If you follow me on twitter, then you may be aware I'm currently participating in a cruel act of self-deprivation known as a juice cleanse. What brought on this sudden masochistic behavior? I went to the Natural Food Expo this past Sunday and was gifted with boxes of kombucha and fruit smoothies and going on a cleanse seemed like a good way to consume the sudden surplus of liquids. You're right. I didn't exactly think all of this through. After cleansing for a mere forty-eight hours, I feel like a weak and scrawny Tasmanian Devil. The sad part? I'm doing it part-time! Kombucha for breakfast, tea mid-morning, smoothie for lunch, and regular eating once the sun sets. Not bad right? Yet I've ceased all ability to function like a human being. Where's the "cloud nine" feeling I've heard about? The sudden bursts of energy? Lies! I'm done.
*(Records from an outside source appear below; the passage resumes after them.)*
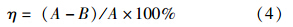 式中,A為初始吸光度,B為測試樣品吸光度.
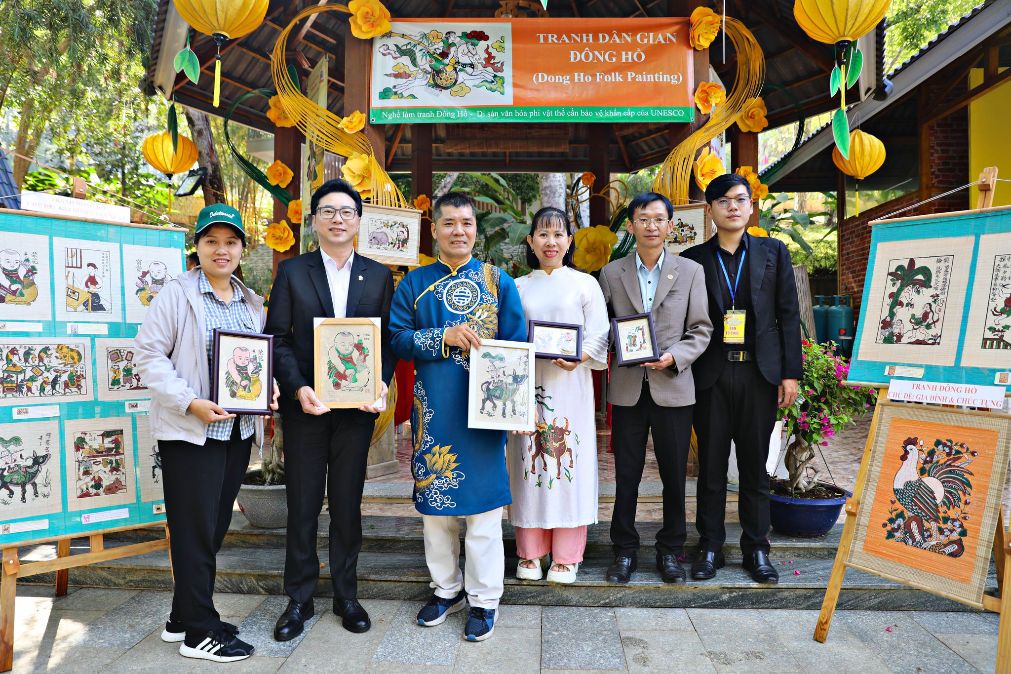 Những bức tranh dân gian với màu sắc tươi sáng, nội dung gần gũi đời sống cũng góp phần làm phong phú thêm trải nghiệm của người tham dự.
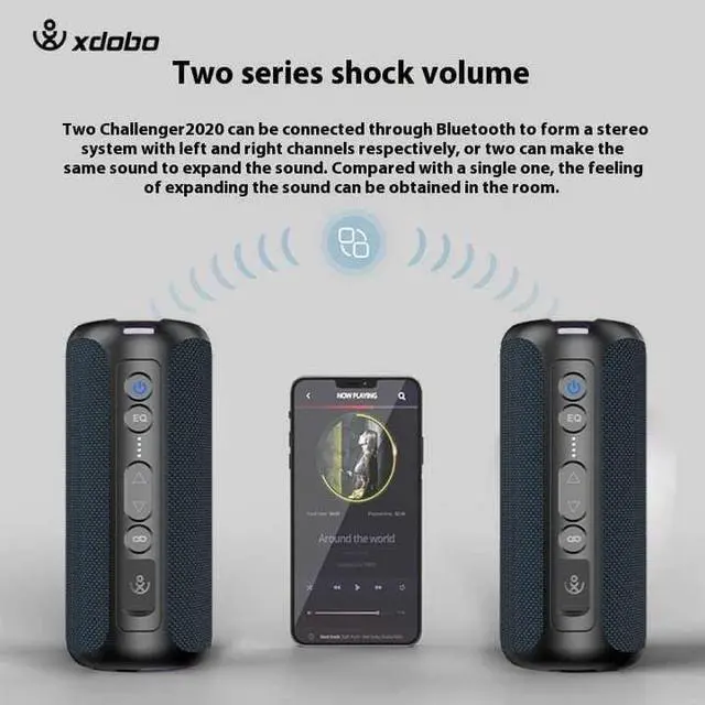 50W Small Bluetooth Speaker with Deep BassEnjoy powerful 50W stereo sound with enhanced bass in a compact design. The XDOBO SINOBAND Challenger 2020 portable Bluetooth speaker is perfect as a desktop computer speaker, party speaker, or outdoor Bluetooth speaker, delivering immersive sound that rivals boombox and sound bar systems.

My short-lived and futile exercise in setting limitations affirmed what I already knew. I lack self control. Logic and reason may try to take me away from cookies and cream ice cream, but indulging in wanton behavior peppered with all sorts of sugary confections is what I want and what I need. And living life gobbling fluffy clusters of cream puffs is my version of cloud nine.
I may not be able to control my eating habits, but this outfit, worn to a Genlux party, is a showcase in controlled minimalism. The highly structured two|one|two leather sleeved dress from Rewire Attire is further streamlined by the tuxedo-like vest from Collage Boutique. A simple snakeskin Alexander Wang clutch, signature Hermes cuff, and laser cutout sandals from Pour La Victoire keeps the look controlled and simple. Exerting self-control through style choices...that's an exercise I'll never give up on.